Actually, 3 backslashes will yield one backslash. The first two result
in one (escaped), and the third one, escaped by the previous escaped
backslash ends up being one. My second example showed this, using 6
backslashes instead of 8. Using 4 backslashes works because the second
pair yields and escaped backslash, but it is not necessary.

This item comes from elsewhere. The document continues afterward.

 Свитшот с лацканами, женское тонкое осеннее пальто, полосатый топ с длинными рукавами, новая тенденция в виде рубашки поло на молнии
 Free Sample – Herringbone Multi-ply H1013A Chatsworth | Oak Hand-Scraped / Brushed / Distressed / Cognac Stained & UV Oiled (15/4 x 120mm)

That does not work reliably under all circumstances though:

irb(main):006:0> "abc".gsub /./, "\\\n"
=> "\\\n\\\n\\\n"
irb(main):007:0> puts("abc".gsub /./, "\\\n")
\
\
\
=> nil
irb(main):008:0> "abc".gsub /./, "\\\\n"
=> "\\n\\n\\n"
irb(main):009:0> puts("abc".gsub /./, "\\\\n")
\n\n\n
=> nil

I think these examples are somewhat misleading, because the escaped
newline (\n) normally includes a backslash. Taking that into account,
i.e. not counting the one that is part of newline character, the first
example is only using 2 backslashes, and the second example is using
3. The same goes for its friends, \a, \r, \f, etc.

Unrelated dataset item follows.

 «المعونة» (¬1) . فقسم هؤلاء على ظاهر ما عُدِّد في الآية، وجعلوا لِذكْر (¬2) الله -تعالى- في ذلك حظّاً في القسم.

It is safer to use 4 backslashes. This is the only robust way to do
this even though sometimes you can simply use a single backslash (e.g.
\1 instead of \\1) because string parsing is a bit tolerant under some
circumstances:

I don't think this is tolerance from the string parser, it is
recognition of the \1 as a valid octal value.

irb(main):014:0> '\1'
=> "\\1"
irb(main):015:0> '\\1'
=> "\\1"

Here the single quotes are coming into play. Octal escapes are not
recognized within them. But it outputs the string in double quotes,
"forcing" the backslash to be escaped in the output. Backslashes need
to be escaped in single quoted string, just like they do in double
quoted ones, so in the second example ('\\1'), it's just one
backslash, again.

but

irb(main):019:0> "\n"
=> "\n"
irb(main):020:0> "\\n"
=> "\\n"
irb(main):021:0> "\1"
=> "\x01"
irb(main):022:0> "\\1"
=> "\\1"

Here the double quotes are taking effect. The first correctly prints a
newline, the second an escaped one, the third gets recognized as an
octal escape, and the last escapes the meaning of the backslash that
would otherwise cause the 1 to be interpreted as an octal value.

Maybe using 4 backslashes is safer, overall, but I wouldn't make it a
rule. At least not without explaining these special cases that include
a leading backslash in their normal representation.

Regards,
Ammar

···

On Mon, Nov 22, 2010 at 3:53 PM, Robert Klemme <shortcutter@googlemail.com> wrote:

On Mon, Nov 22, 2010 at 1:28 PM, Ammar Ali <ammarabuali@gmail.com> wrote:

Actually, 3 backslashes will yield one backslash. The first two result
in one (escaped), and the third one, escaped by the previous escaped
backslash ends up being one. My second example showed this, using 6
backslashes instead of 8. Using 4 backslashes works because the second
pair yields and escaped backslash, but it is not necessary.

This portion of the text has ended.